Welcome to the journey,the tale and the saga of our
Homestead.

Wednesday, September 2, 2009

Chinook Salmon Caviar


Here it is our Chinook Salmon Caviar ,we ended up with a quart jar full and a small tub of discarded roe to use as fishing bait.
Chinook Salmon are only found here on the west coast of the United States. Wild caught Salmon is a big part of our local food and history.I always view Salmon as one of our treasures.Here in the Portland Oregon area, where we live, the Salmon were once so thick in our Columbia River it is said men could walk across the river on the backs of the Salmon.
This is actually the very first time I remember having Chinook.Unlike the other breeds of Salmon Chinook has white flesh that is highly prized for it's flavor and taste.
When we opened the fish and roe it smelled of fresh water and not at all fishy.The fish had been caught just the day before. You can't get any more local than an hours drive away and barely 24 hours since the fish was caught.
This was our first adventure in making Caviar but we were up to it.Chance found a recipe online that seemed reasonable, easy to follow and what they were asking over all made sense.



This is the roe we started with which weighed 2 pounds.As you can see from the front of the photo the eggs are encased in a membrane that the eggs are attached to.
Our first task was to remove the eggs from this casing.The directions said to rub the roe across a screen that the eggs could pass through.This was suppose to remove the eggs but it did not work out.

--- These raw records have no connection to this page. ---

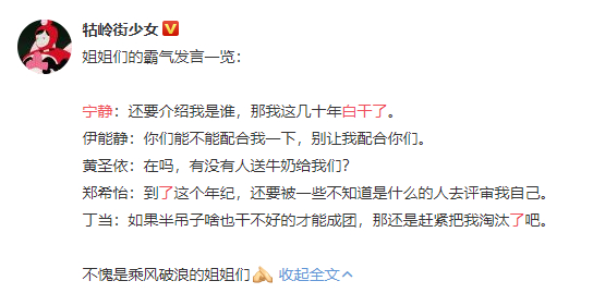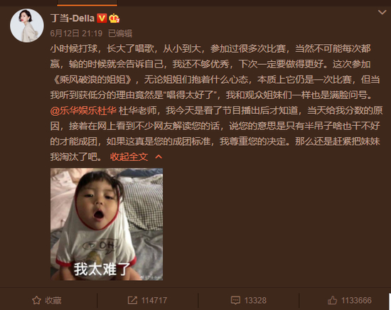 还有节目开播当晚就直接“手撕”导师的。因为质疑导师打分不公,丁当直接@导师本人,“如果这真是您的成团标准,我尊重您的决定。那么还是赶紧把妹妹我淘汰了吧。”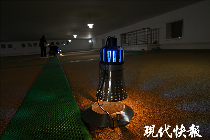 在害蟲繁殖季節(jié),糧倉內(nèi)如果發(fā)現(xiàn)害蟲達到一定密度,就會進行熏蒸殺蟲。還有些倉內(nèi)殺蟲免熏蒸,專門安放了蟲籠誘捕器,利用害蟲趨高趨光趨味等特性進行誘殺。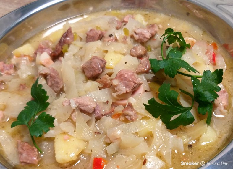 Boczek świeży po oczyszczeniu pokroić w kostkę. Z kapusty usunąć uszkodzone, zwiędłe liście wyciąć głąb i pokroić w grubszą kostkę lub po prostu poszatkować . Pokrojony boczek wytopić i odstawić na boku. Pokrojoną kapustę przełożyć do garnka postawić na ogniu i gotować bez przykrycia około 10 minut po czym dodać pokrojone w kostkę ziemniaki , gotować razem kilka minut . Na pozostałym boczku zeszklić cebulę , mieszając dodać mąkę wymieszać z kilkoma łyżkami wody i zagotować . Zasmażkę wlać do garnka z kapustą i ziemniakami doprawić pieprzem ,dodać soku z cytryny i wymieszać , podawać gorącą. Porada; Można dodać pokrojoną w plastry podsmażoną kiełbasę oraz kawałek pokrojonej papryki czerwonej ale nie koniecznie.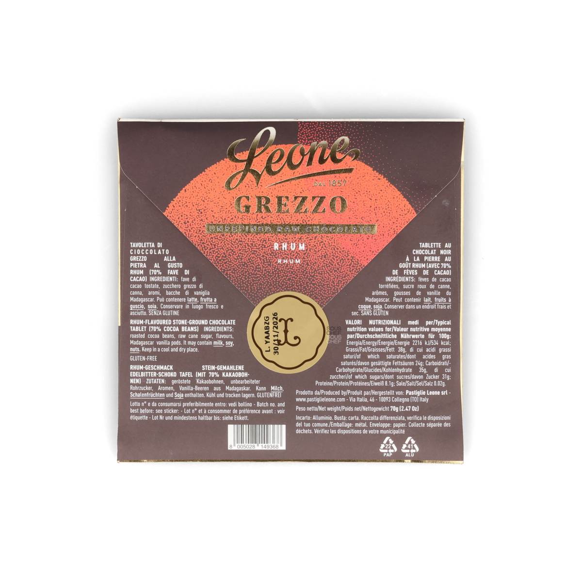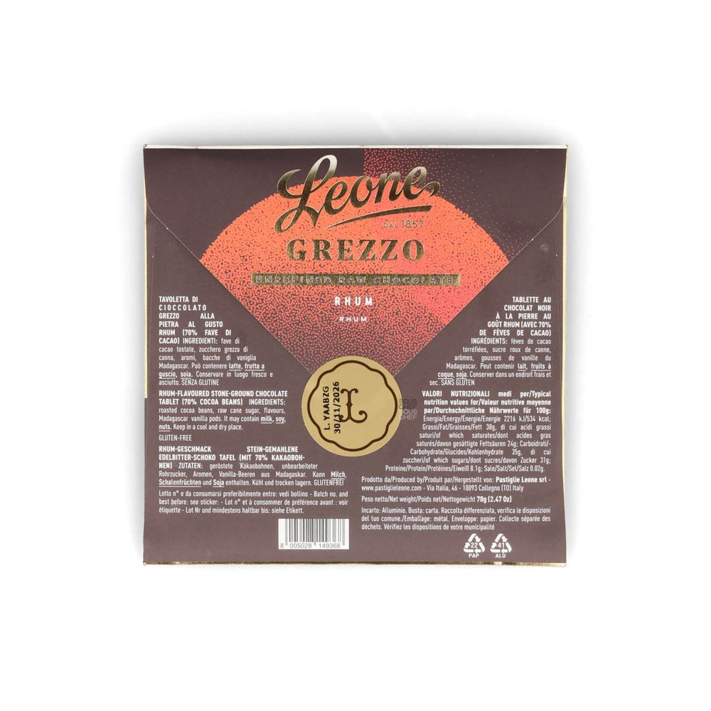 Leone Raw Unrefined 70% Rum Dark Chocolate Bar, 70g

We ended up just picking the eggs off of the membrane.We found if you turned the membrane sort of inside out so the eggs were facing outward it made this easier.









And here we are an hour later,that's with both of us working.We now know part of the reason Caviar is so expensive,labor









The cure for the Caviar is very simple 1 gallon water mixed with 4 Cups Pickling Salt stirred until the salt is dissolved, maybe 3 minutes. Next we added the roe while stirring it occasionally for 15 minutes.

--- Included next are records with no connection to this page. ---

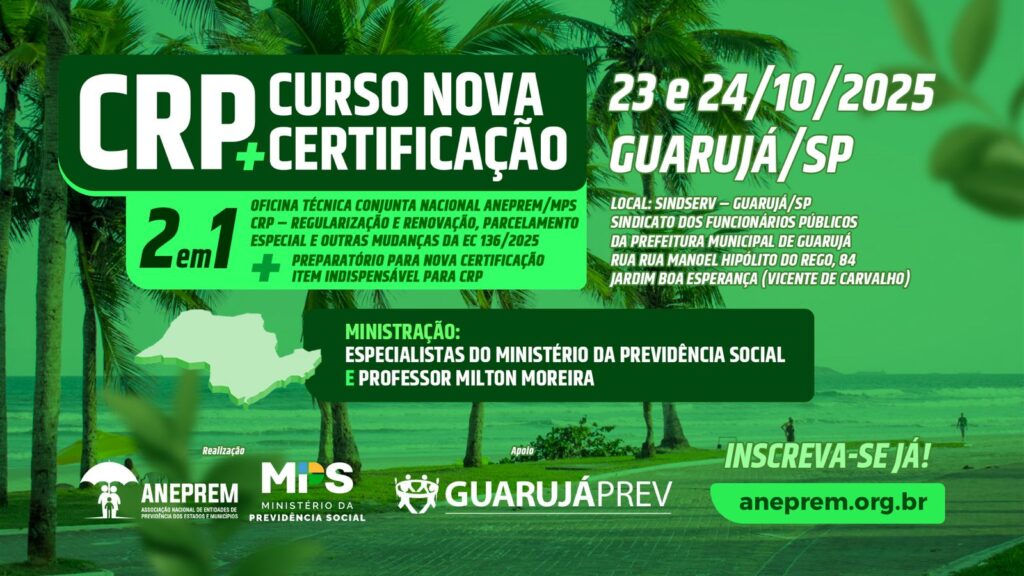 Nos dias 23 e 24 de outubro, Guarujá receberá um curso presencial preparatório para Certificação em RPPS e Oficina Técnica. A iniciativa da Associação Nacional de Entidades de Previdência dos Estados e Municípios (ANEPREM) e do Ministério da Previdência Social (MPS) tem apoio da GuarujáPrev, autarquia responsável pelo regime de previdência social dos servidores públicos municipais de Guarujá.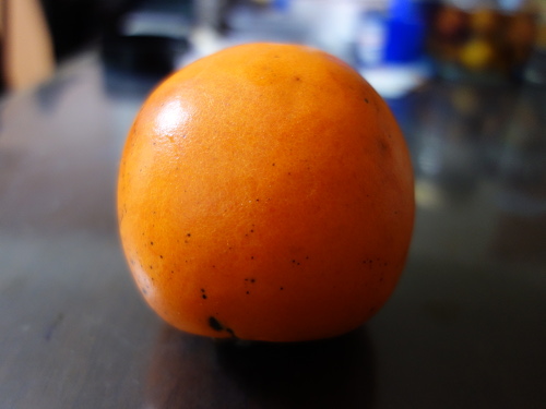 トップページ > 果樹の栽培記録 > 柿 > 2016年は豊作だった名前のわからない大きな柿 > 3番目に大きい290gの柿の追熟と賞味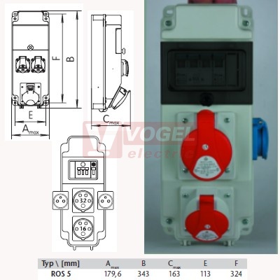 ROS 5/I-15 zásuvková rozvodnice 1xIE 3253+1xIE1653+2x230V/16A- jištěná IP44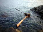 島の頂上には[淡島神社]があると言うので『行こう!』と、決めて登っていると→途中には『クマに注意』『たぬきに注意』など!4時間の道のりは、遠かった!!でも、いつでもフル満喫を求める私は『行くしかないでしょ!』って感じで、回りました!頂上に行くまでに『野良犬?』と、思いきや、たぬき発見!!野生のたぬきなんで?!かなり細く、犬の様でした!後で、聞くと、、ハクビシンだった!!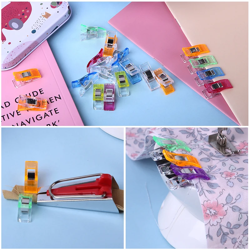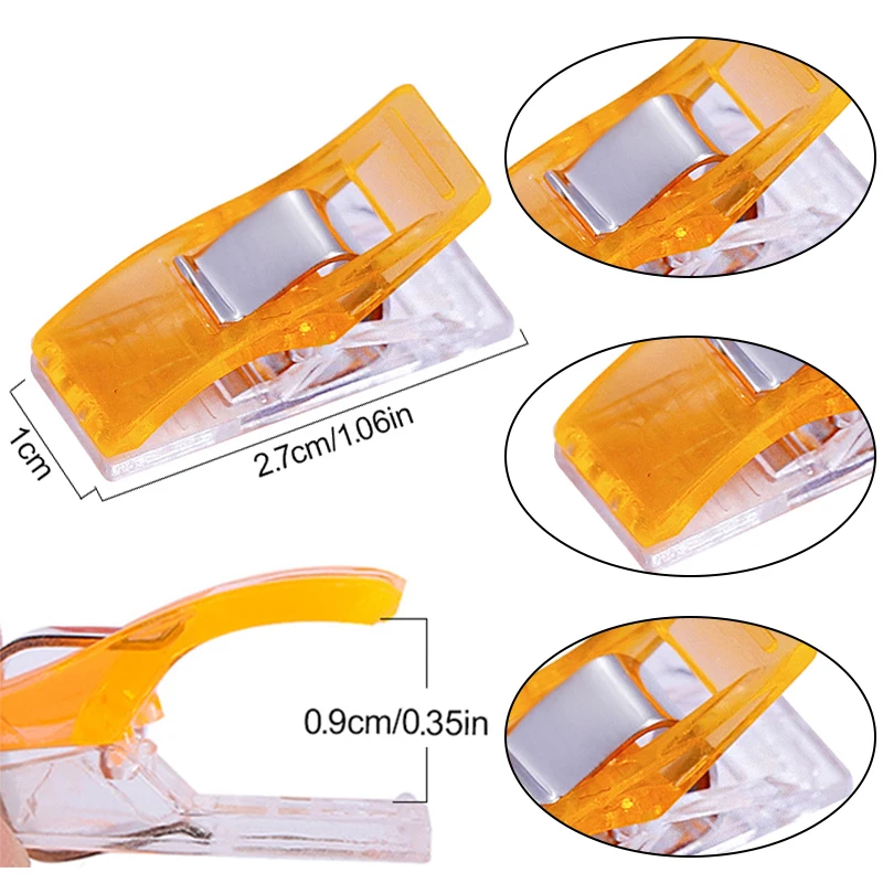 Тип: швейные зажимыРазмер: 2,7х1 смЦвет: красный/розовый/оранжевый/желтый/зеленый/синий/фиолетовый/прозрачный/случайный цветКоличество: 20 шт./пакет; 10 шт./пакетМатериал: пластик + металл

Again the recipe failed us on the next step but we found a solution.The recipe said while stirring to pull out any bits of the membrane that would float to the top.Not easy at all,Chance took 4 bamboo skewers and held them chop stick style.He used this to scoop through the roe.As you can see from the photo it worked and he was able to catch the eggs with membrane still on them.
The purpose of doing this is Caviar is suppose to be individual eggs not clumps of eggs. The clumps of roe were put aside to save a fish bait.




Once the 15 minutes were up it was time to take the roe out of their cure.Our Asian Spider worked great for this.













After you have drained the soon to be Caviar place it in a bowl and cover with plastic wrap for 8-12 hours.
When the time has passed the Caviar will be a sticky mass.Place the Caviar in another bowl and pour Olive Oil over it, we used about a 1/4 Cup for our quart jars worth.Gently fold the olive oil into the Caviar.Now pour the Caviar in to a jar and seal with the lid.
The Caviar will hold in the fridge for about 2 weeks. (I am wondering what our local Canning extension would think if I called and asked "How do I process/can Caviar?"Could be worth asking.)


I have to say I am proud of this project.Chance and I try to not let opportunities pass us by that we can learn from.Through sharing this experience with others Chance is receiving a recipe for Japanese Caviar from a friends Japanese Grandma.The Japanese use Sake and Soy Sauce to make theirs,we both think this sounds even better than the Caviar we made and something else to think about trying.
The Caviar was delivered early this morning and we are awaiting feed back.The taste Chance and I had was good to us but we want "customer satisfaction" to be the final word.We'll let you know what we hear.
We may never have the chance to make Caviar again but it gave us a new skill to horde away.Tomorrow I will post about the Smoked Salmon.

Dream a little dream and see where it will lead you.